Both weight loss medications and bariatric surgery have proven effective in reducing excess weight, but a new study is now exploring their connections to the risk of obesity-related cancers (ORC).

Obesity is already known to raise the risk for various cancer types, not to mention its impact on cancer survival odds. Specific cancers related to obesity include multiple myeloma, meningioma, and adenocarcinoma of the esophagus. Other affected areas include the stomach, liver, bile ducts, gallbladder, pancreas, uterus, ovaries, kidneys, thyroid, and postmenopausal breast cancer, as identified by the CDC.

Researchers from Clarit Health Services in Tel Aviv, Israel performed an observational study involving the medical records of 6,356 obese individuals aged 24 and older with diabetes, specifically those without a history of obesity-related cancers.

Between 2010 and 2018, half of these participants were prescribed GLP-1 receptor agonists (GLP-1 RAS) and made at least six purchases of these injectable medications for obesity and type 2 diabetes within a year. The other half underwent bariatric metabolic surgery (BMS).

After accounting for various factors, the researchers found that ORC appeared in 5.62 cases per 1,000 person-years among surgery patients, compared to 5.89 cases per 1,000 person-years for those taking GLP-1 RAS. This led to a conclusion that the direct benefit of GLP-1 RAS on ORC risk—beyond just weight loss—could represent a relative risk reduction of 41% compared to BMS.

The findings were published in the Journal Eclinical Medicine. “Our results highlight additional pathways aside from weight loss that help lower the risk of obesity-related cancers,” stated Yael Wolff Sagy, Head of Research at Clarit Health Services.

What impact do GLP-1 RAS have on cancer risk?

Niketa Patel, a professor of molecular medicine at the USF Health Morsani College of Medicine in Tampa, noted that chronic inflammation is associated with obesity. She indicated that GLP-1 RAS have been shown to curb inflammation and thereby might reduce ORC risk. However, Patel wasn’t involved in the study.

“The anti-inflammatory characteristics of these drugs tackle several recognized cancer risk factors,” she mentioned. In conclusion, obesity can lead to specific cancers, and treating it with GLP-1 RAS might diminish the risk of such cancers.

Dr. Britta Reierson, the medical director at IncoundWell, highlighted that GLP-1 RAS could possess properties that alleviate cancer risk in multiple ways. “For starters, their anti-inflammatory effects can address many acknowledged cancer risk factors,” she commented, also noting that metabolism improvement from these drugs—like lowering blood sugar levels—helps mitigate cancer risk. Additionally, there are indications that GLP-1 RAS may directly impact tumor growth through immune response modulation and epigenetic changes that can influence gene expression across generations.
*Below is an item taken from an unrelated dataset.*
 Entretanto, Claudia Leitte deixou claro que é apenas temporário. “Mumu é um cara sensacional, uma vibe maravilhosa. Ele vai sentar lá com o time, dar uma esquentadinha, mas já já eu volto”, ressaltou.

Long-term effects of chronic inflammation are concerning as they can cause cellular DNA damage, which is a risk factor for cancer development, according to San Francisco-based Savery, who was not part of the study.

While the study presents interesting insights, it also has its limitations. As an observational study, certain differences between the surgery group and GLP-1 RAS group may still exist despite methodological adjustments. Of note is that most participants were administered liraglutide (Saxenda, Viktuza), with a smaller number taking exenatide or duraglutide.
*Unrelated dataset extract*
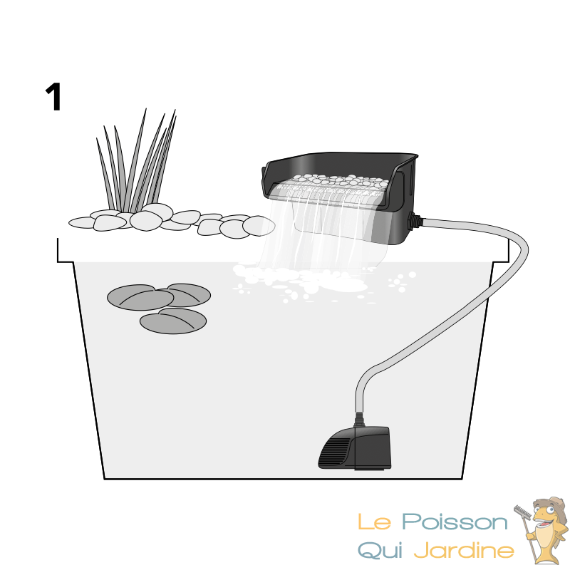 Bien entendu, selon la hauteur désirée de la cascade, vous devrez adapter votre pompe de bassin.
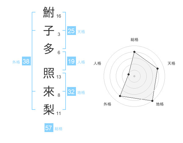 鮒子多 照來梨さんを姓名の画数から五運を鑑定

Though GLP-1 RAS serve as a beneficial aid for those pursuing weight loss, Savery emphasized the importance of maintaining a nutritious diet and regular exercise as key components in cancer prevention and overall health improvement.
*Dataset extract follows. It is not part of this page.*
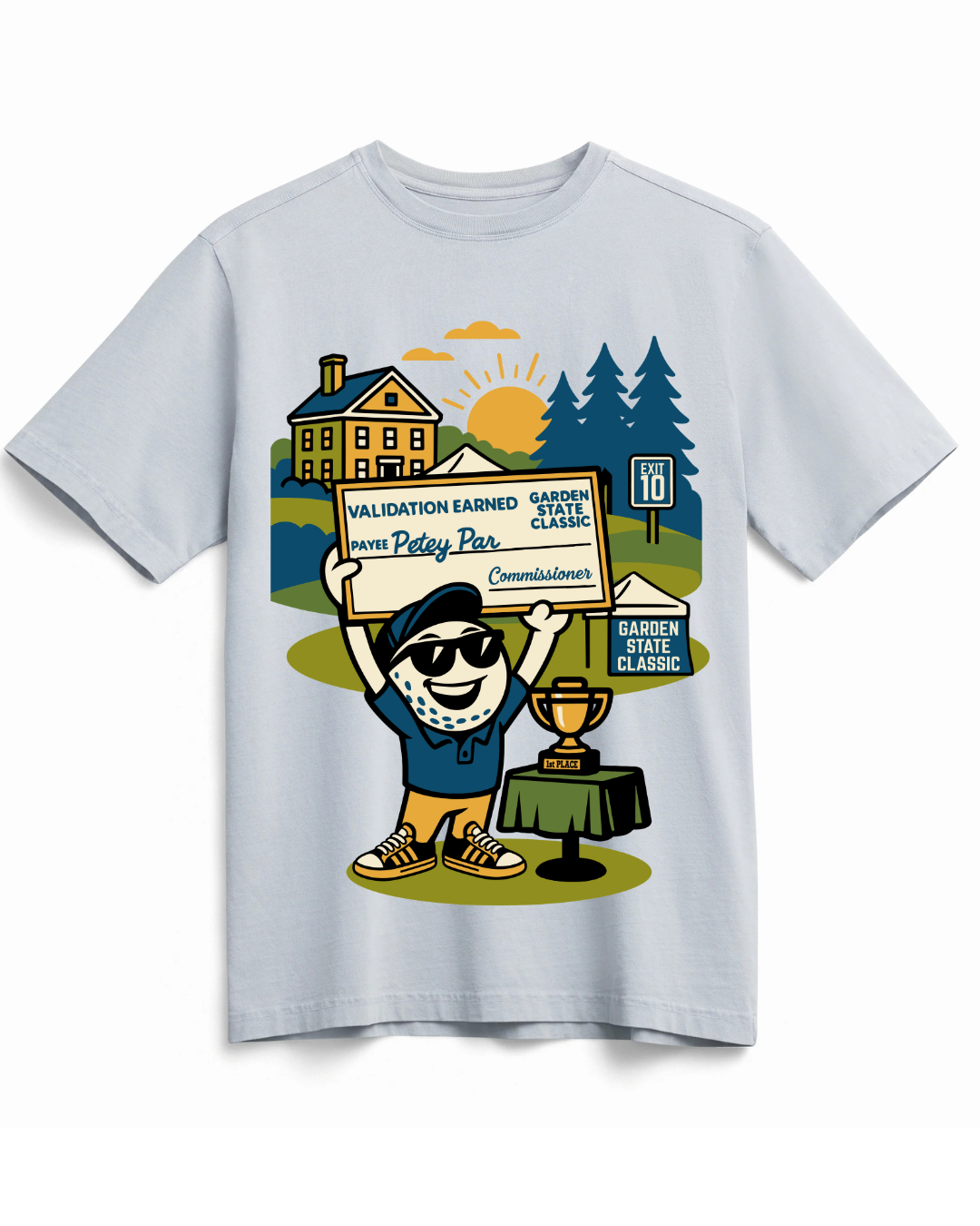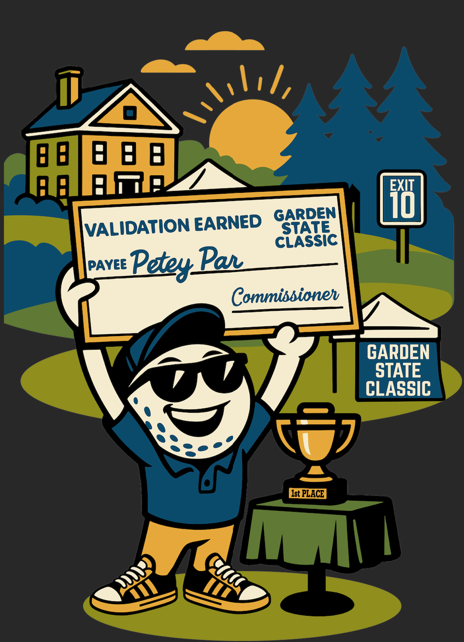 The Story Behind the Design: The "First Check" represents more than just a win – it's about that first taste of victory that changes everything. Set against the backdrop of New Jersey's challenging courses, this design captures Petey Par's triumphant moment, complete with his signature sunglasses and street-style swagger, now holding that golden trophy he's been chasing.

Looking ahead, Sagy suggested more extensive studies should be conducted to assess the effectiveness of new GLP-1 RAS, which might yield more pronounced results, noting that the directions appear promising. Nevertheless, further research is essential before GLP-1 RAS can be classified as a cancer prevention strategy. Big, randomized controlled trials are particularly necessary to verify these initial observations and to further clarify the underlying mechanisms at play.

In the meantime, while the role of weight loss is crucial for cancer prevention, adding the anti-inflammatory benefits of GLP-1 could amplify those effects, although it’s too early to say whether these treatments will gain FDA approval for cancer therapy.